● **Task objective**:
Return exactly the lines from the one containing "Küchenblock Structura Low" through the last line of the records below, both included, and leave out any pictures.

Top of Dataset

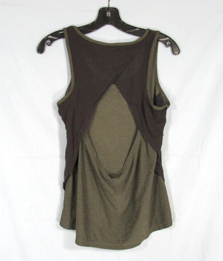 In very gently used condition. Back is sheer mesh and open. Main Body- 88% Polyester, 12% Spandex Contrast Mesh- 95% Rayon, 5% Spandex Measurements: Bust 32", Length 22" We are so thankful for our customers! However, we have thousands of listings, and therefore receive hundreds of messages, every single day. So, if you are asking about a price drop, or a shipping price drop, or asking for extra measurements, or to add additional photos, please allow me to answer you here, No thanks. If your question is not one of those questions, we will be happy to answer you individually. YES...WE DO COMBINE DOMESTIC SHIPPING. Extra jewelry items ship for $2 each (except for large jewelry lots). We will refund the difference as we are mailing out.....we hope you enjoy shopping with us! We encourage you to read the description and check all photos.
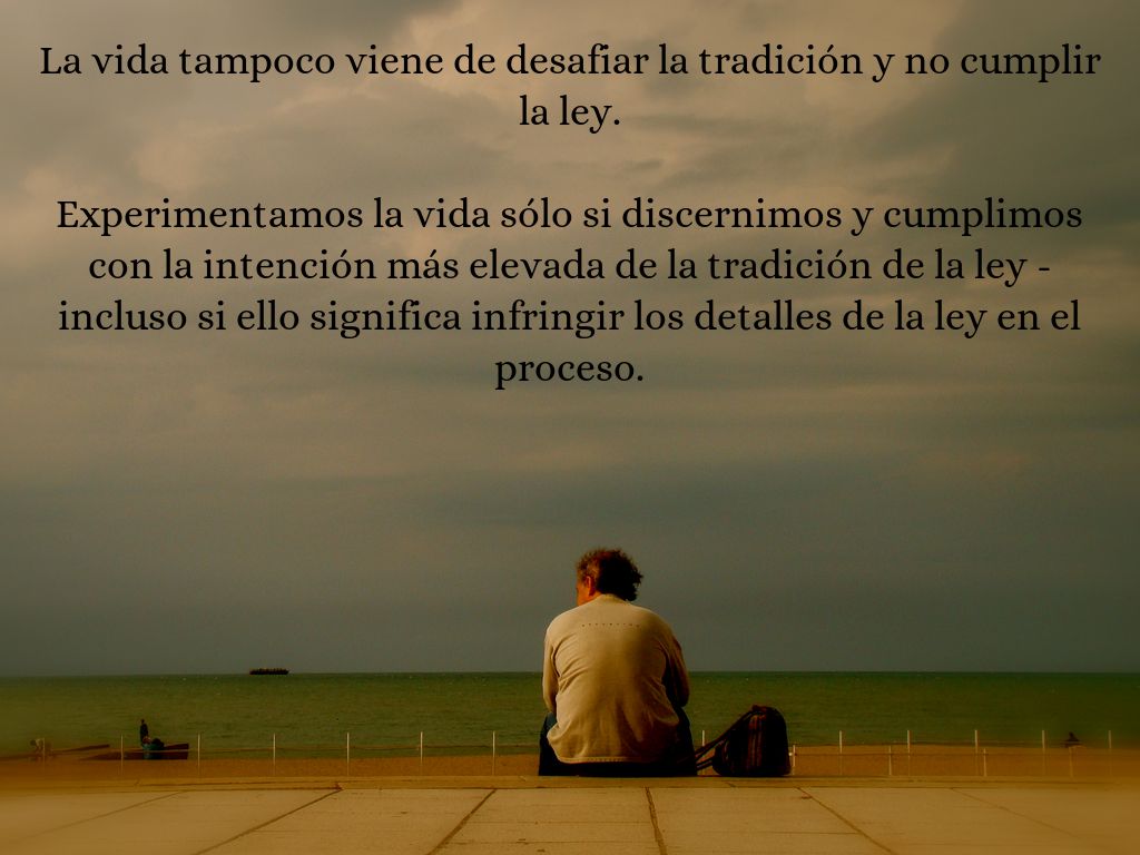 Experimentamos la vida sólo si discernimos y cumplimos con la intención más elevada de la tradición de la ley - incluso si ello significa infringir los detalles de la ley en el proceso.
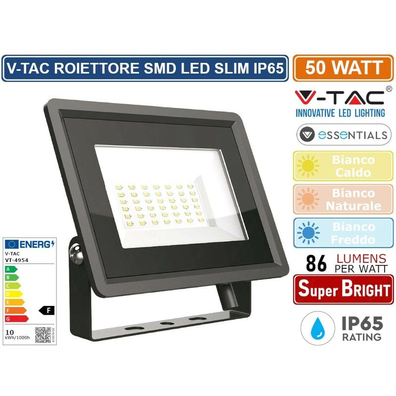 V-Tac VT-4954 è un faro LED da 50W di potenza con tecnologia LED SMD, corpo sottile in alluminio pressofuso di colore nero e copertura trasparente. Con fascio luminoso di 110° e flusso luminoso di 4300 lm, questo faro ha un rapporto di 86 lm/W . Inoltre, ha un grado di protezione IP65 che lo rende adatto ad un uso esterno anche sotto la pioggia prolungata. È predisposto per il fissaggio a parete, ed il collegamento alla rete elettrica avviene tramite cavi a saldare. SPECIFICHE TECNICHE • Potenza: 50 W • Fascio luminoso: 110° • Flusso luminoso: 4300 lm • Efficienza luminosa: 86 lm/W • Materiale: alluminio pressofuso • Colore: nero • Copertura: trasparente • Grado di protezione: IP65 • Dimensioni: 180 x 150 x 27 mm • Durata: 25.000 ore VARIANTI DISPONIBILI • Temperatura colore: 3000K (Bianca Calda) - SKU 6749 • Temperatura colore: 4000K (Bianca Naturale) - SKU 6750 • Temperatura colore: 6500K (Bianca Fredda) - SKU 6751 CONSIGLI Può essere utilizzato per l'illuminazione di garage
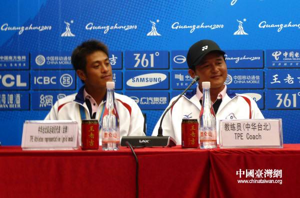 中華臺北軟式網球男隊教練方同賢(右)與“首金”功臣劉家綸在賽后出席新聞發布會(中國臺灣網 李徽 攝)
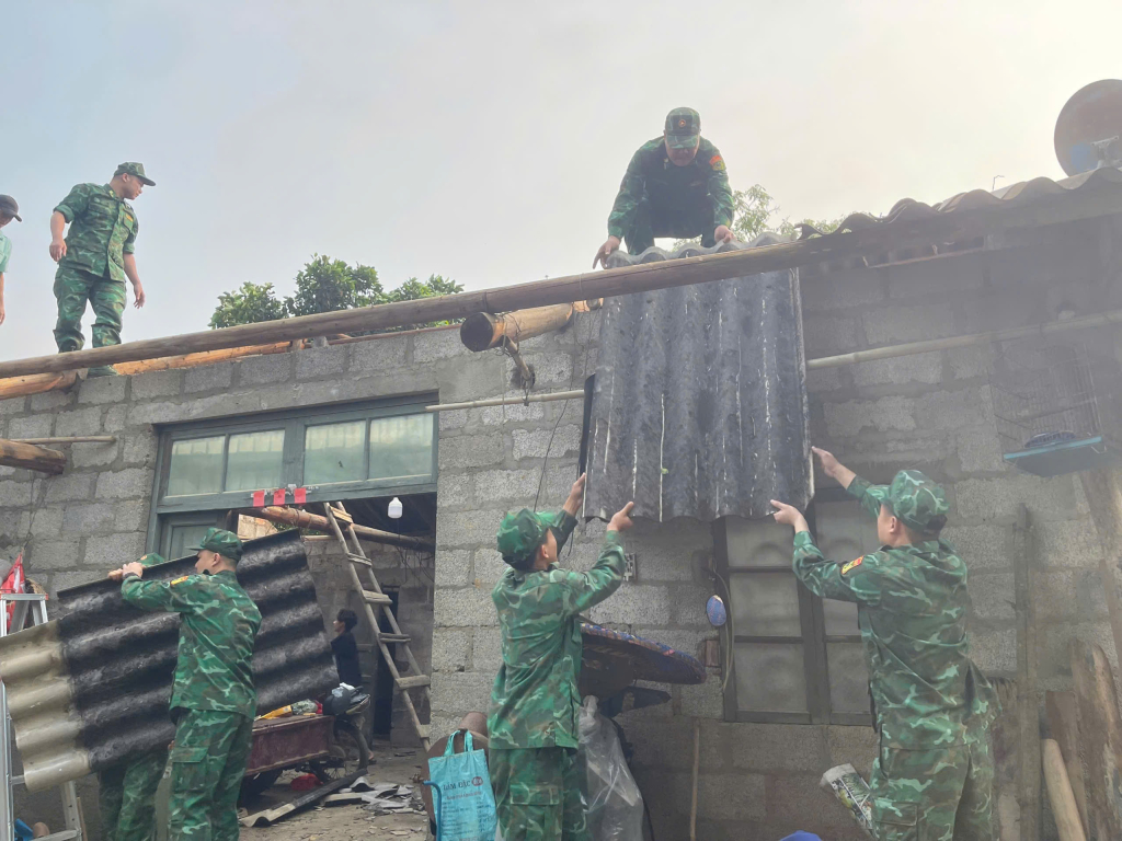 Cán bộ, chiến sĩ đồn Biên phòng Cửa khẩu quốc tế Tà Lùng giúp gia đình Nguyễn Văn Hoàng khắc phục hậu quả do lốc xoáy gây ra.
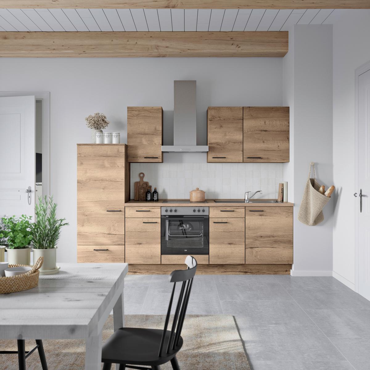 Küchenblock Structura Low m. Geräten Eiche dunkel - Eiche dunkel/Eichefarben, MODERN, Holzwerkstoff/Metall (270cm) - Nobilia
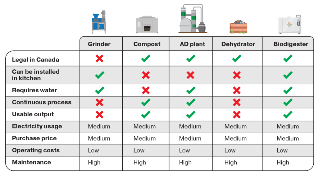 To meet the new requirements, businesses must adopt innovative solutions to handle organic waste effectively. The choice of technology will depend on the scale of operations, budget, and local regulations. Below are the primary options available for businesses seeking to reduce food waste:
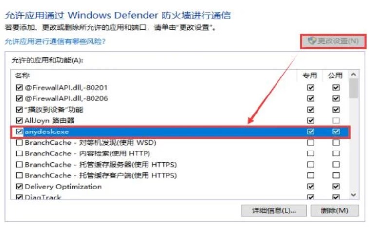 激活 “更改设置 “后,可以对AnyDesk的打勾,如屏幕截图所示:
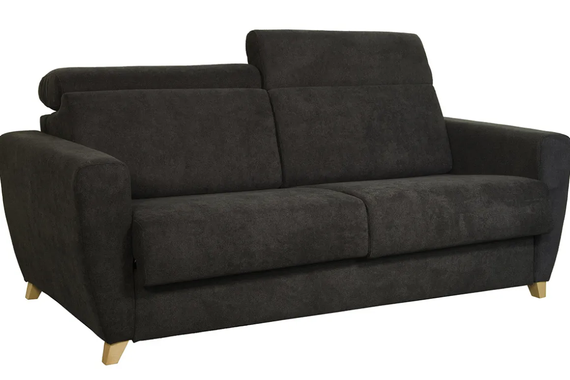 Ce canapé-lit fabriqué en Italie est livré prêt à monter : les accoudoirs sont à emboîter dans l’assise.

Bottom of Dataset

● **Exercise result**:
 Küchenblock Structura Low m. Geräten Eiche dunkel - Eiche dunkel/Eichefarben, MODERN, Holzwerkstoff/Metall (270cm) - Nobilia
 To meet the new requirements, businesses must adopt innovative solutions to handle organic waste effectively. The choice of technology will depend on the scale of operations, budget, and local regulations. Below are the primary options available for businesses seeking to reduce food waste:
 激活 “更改设置 “后,可以对AnyDesk的打勾,如屏幕截图所示:
 Ce canapé-lit fabriqué en Italie est livré prêt à monter : les accoudoirs sont à emboîter dans l’assise.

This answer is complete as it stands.